== Information shown ==
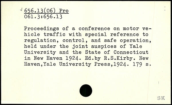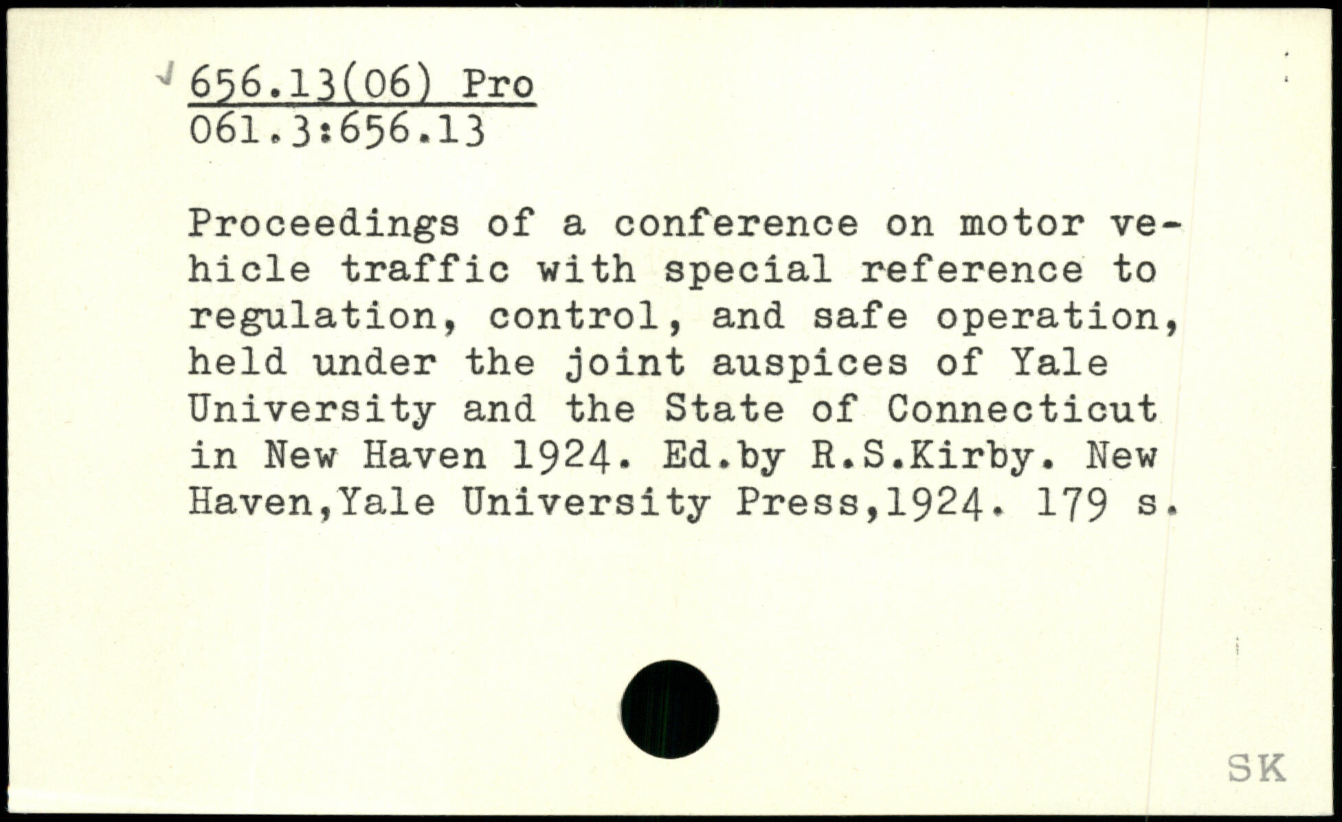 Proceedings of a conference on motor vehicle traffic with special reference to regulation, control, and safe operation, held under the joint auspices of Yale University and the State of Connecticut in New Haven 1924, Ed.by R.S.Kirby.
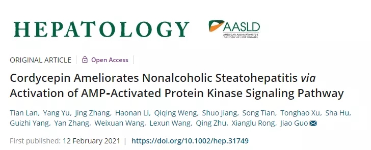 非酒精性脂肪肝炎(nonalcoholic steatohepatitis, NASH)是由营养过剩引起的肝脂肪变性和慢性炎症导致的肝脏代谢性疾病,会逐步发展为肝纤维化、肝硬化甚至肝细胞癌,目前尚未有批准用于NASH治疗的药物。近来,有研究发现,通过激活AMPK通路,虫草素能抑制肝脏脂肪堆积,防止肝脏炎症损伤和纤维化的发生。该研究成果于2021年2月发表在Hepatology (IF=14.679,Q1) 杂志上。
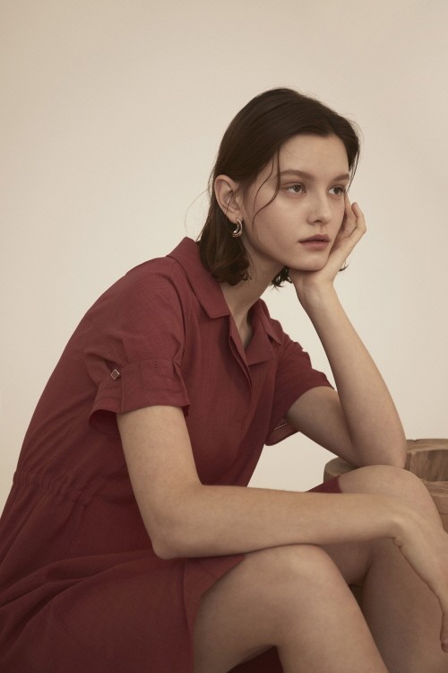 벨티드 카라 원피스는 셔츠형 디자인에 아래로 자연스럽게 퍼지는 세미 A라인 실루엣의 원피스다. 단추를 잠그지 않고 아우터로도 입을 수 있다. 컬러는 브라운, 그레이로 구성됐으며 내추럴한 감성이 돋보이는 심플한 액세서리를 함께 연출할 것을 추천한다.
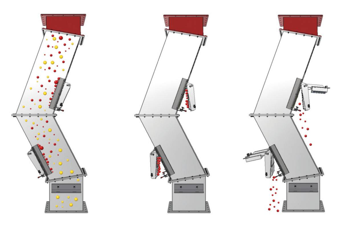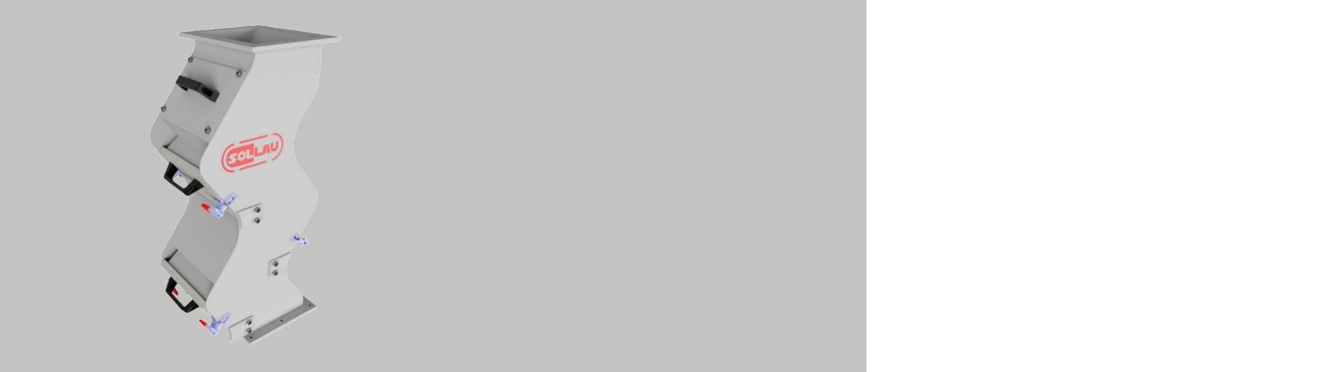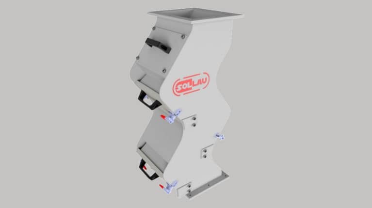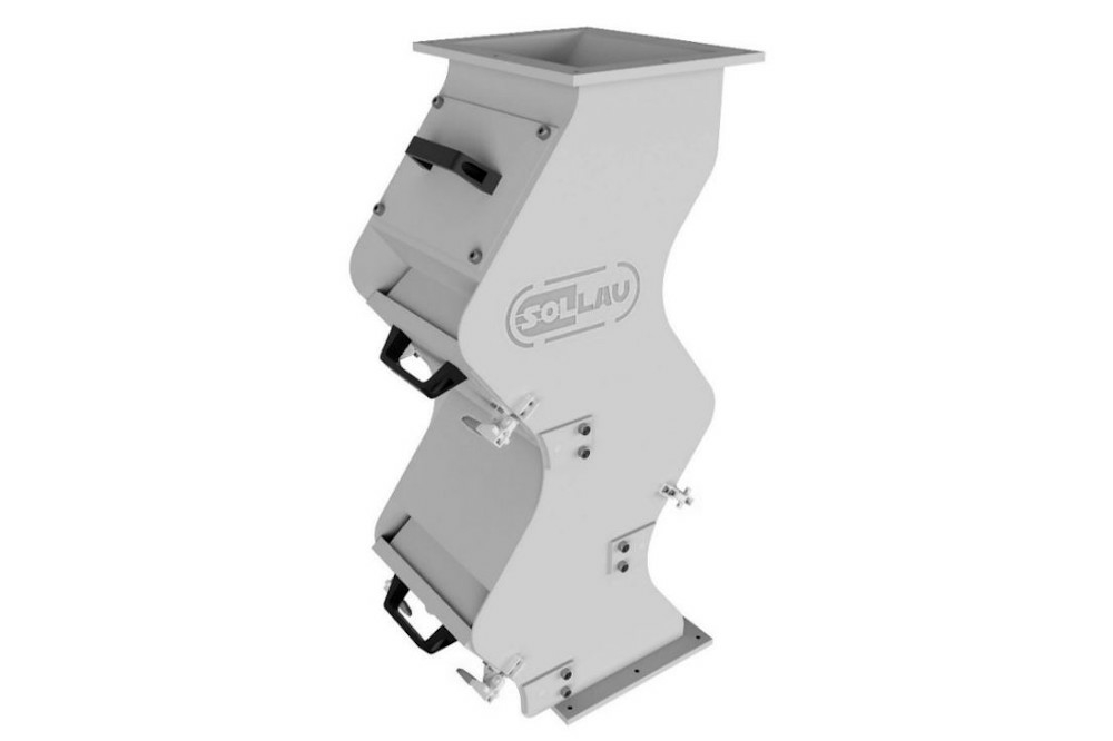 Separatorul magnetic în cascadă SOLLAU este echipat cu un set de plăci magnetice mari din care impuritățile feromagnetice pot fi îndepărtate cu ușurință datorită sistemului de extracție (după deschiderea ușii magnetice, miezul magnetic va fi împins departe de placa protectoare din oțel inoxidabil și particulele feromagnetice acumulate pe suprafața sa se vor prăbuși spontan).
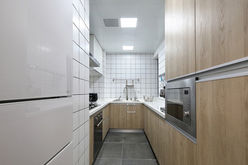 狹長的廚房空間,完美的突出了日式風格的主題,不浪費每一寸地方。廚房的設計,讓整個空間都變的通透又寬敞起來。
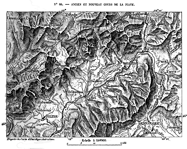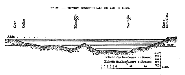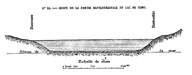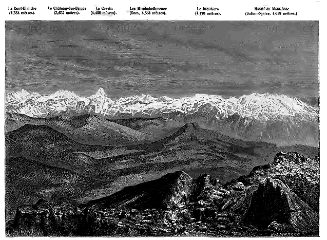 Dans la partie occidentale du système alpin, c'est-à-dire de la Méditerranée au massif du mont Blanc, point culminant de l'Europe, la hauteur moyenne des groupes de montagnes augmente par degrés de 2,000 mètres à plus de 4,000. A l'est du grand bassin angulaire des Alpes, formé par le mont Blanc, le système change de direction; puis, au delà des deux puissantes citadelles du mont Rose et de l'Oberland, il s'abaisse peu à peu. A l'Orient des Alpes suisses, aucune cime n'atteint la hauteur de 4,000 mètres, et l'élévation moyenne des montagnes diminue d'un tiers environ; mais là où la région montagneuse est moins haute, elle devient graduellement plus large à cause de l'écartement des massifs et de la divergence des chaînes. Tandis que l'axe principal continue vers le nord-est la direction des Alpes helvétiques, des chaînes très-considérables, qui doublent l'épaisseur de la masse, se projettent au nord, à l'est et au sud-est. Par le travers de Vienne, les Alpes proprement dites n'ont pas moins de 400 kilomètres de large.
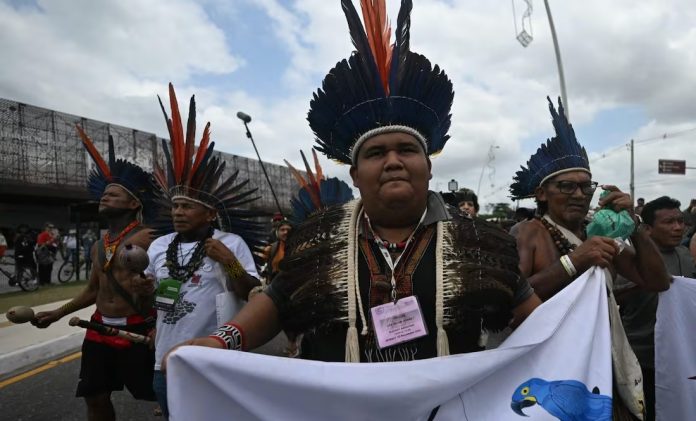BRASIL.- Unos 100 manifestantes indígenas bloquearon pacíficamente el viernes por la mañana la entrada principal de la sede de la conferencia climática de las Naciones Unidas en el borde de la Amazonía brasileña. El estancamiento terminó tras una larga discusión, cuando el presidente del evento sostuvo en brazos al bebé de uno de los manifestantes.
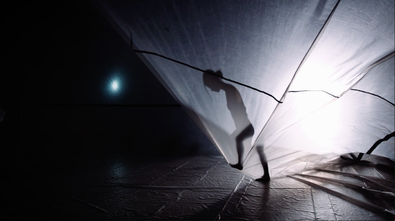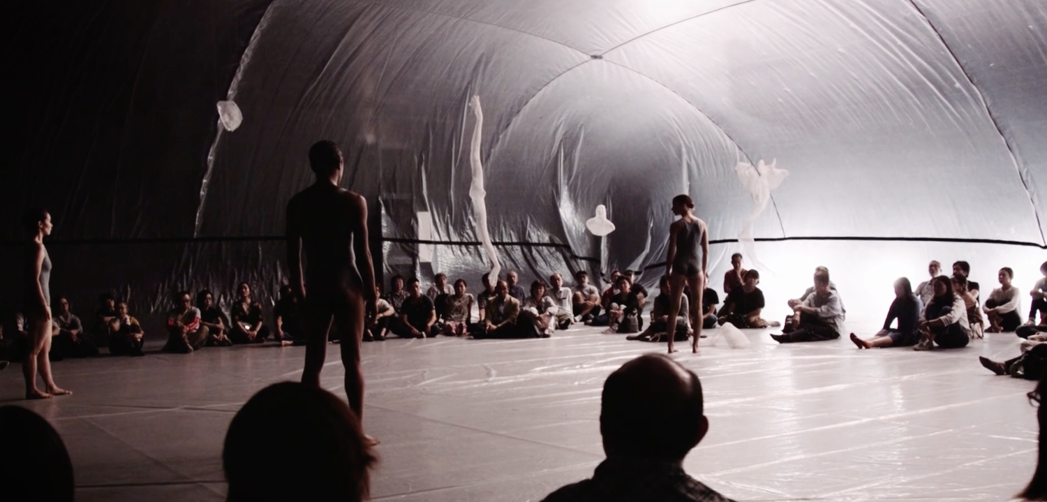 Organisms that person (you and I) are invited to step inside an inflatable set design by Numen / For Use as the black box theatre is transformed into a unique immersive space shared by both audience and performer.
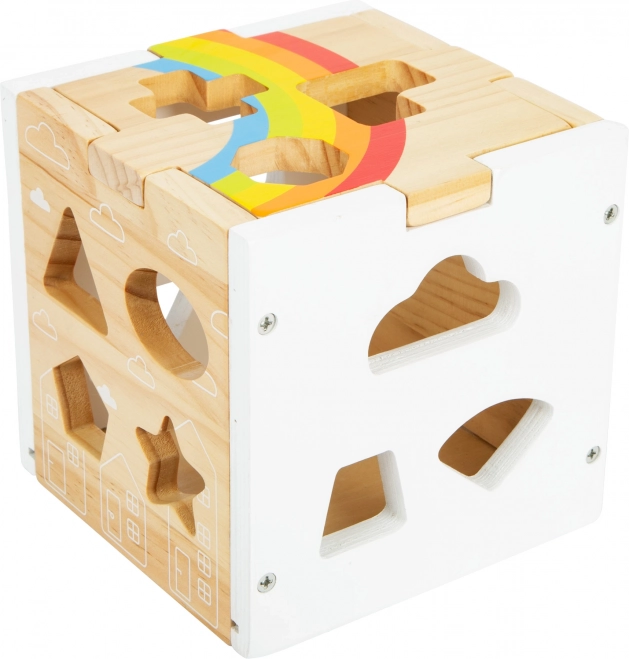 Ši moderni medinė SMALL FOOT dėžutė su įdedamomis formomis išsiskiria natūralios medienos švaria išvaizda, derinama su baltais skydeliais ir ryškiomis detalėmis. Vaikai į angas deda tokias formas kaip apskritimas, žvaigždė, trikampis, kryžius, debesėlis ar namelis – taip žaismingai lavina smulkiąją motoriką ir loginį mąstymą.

== Task objective ==
Only the lines from the line with "狹長的廚房空間,完美的突出了" through the final line of the material belong in the answer, copied exactly and without pictures.

== Output of the task ==
 狹長的廚房空間,完美的突出了日式風格的主題,不浪費每一寸地方。廚房的設計,讓整個空間都變的通透又寬敞起來。
 Dans la partie occidentale du système alpin, c'est-à-dire de la Méditerranée au massif du mont Blanc, point culminant de l'Europe, la hauteur moyenne des groupes de montagnes augmente par degrés de 2,000 mètres à plus de 4,000. A l'est du grand bassin angulaire des Alpes, formé par le mont Blanc, le système change de direction; puis, au delà des deux puissantes citadelles du mont Rose et de l'Oberland, il s'abaisse peu à peu. A l'Orient des Alpes suisses, aucune cime n'atteint la hauteur de 4,000 mètres, et l'élévation moyenne des montagnes diminue d'un tiers environ; mais là où la région montagneuse est moins haute, elle devient graduellement plus large à cause de l'écartement des massifs et de la divergence des chaînes. Tandis que l'axe principal continue vers le nord-est la direction des Alpes helvétiques, des chaînes très-considérables, qui doublent l'épaisseur de la masse, se projettent au nord, à l'est et au sud-est. Par le travers de Vienne, les Alpes proprement dites n'ont pas moins de 400 kilomètres de large.
BRASIL.- Unos 100 manifestantes indígenas bloquearon pacíficamente el viernes por la mañana la entrada principal de la sede de la conferencia climática de las Naciones Unidas en el borde de la Amazonía brasileña. El estancamiento terminó tras una larga discusión, cuando el presidente del evento sostuvo en brazos al bebé de uno de los manifestantes.
 Organisms that person (you and I) are invited to step inside an inflatable set design by Numen / For Use as the black box theatre is transformed into a unique immersive space shared by both audience and performer.
 Ši moderni medinė SMALL FOOT dėžutė su įdedamomis formomis išsiskiria natūralios medienos švaria išvaizda, derinama su baltais skydeliais ir ryškiomis detalėmis. Vaikai į angas deda tokias formas kaip apskritimas, žvaigždė, trikampis, kryžius, debesėlis ar namelis – taip žaismingai lavina smulkiąją motoriką ir loginį mąstymą.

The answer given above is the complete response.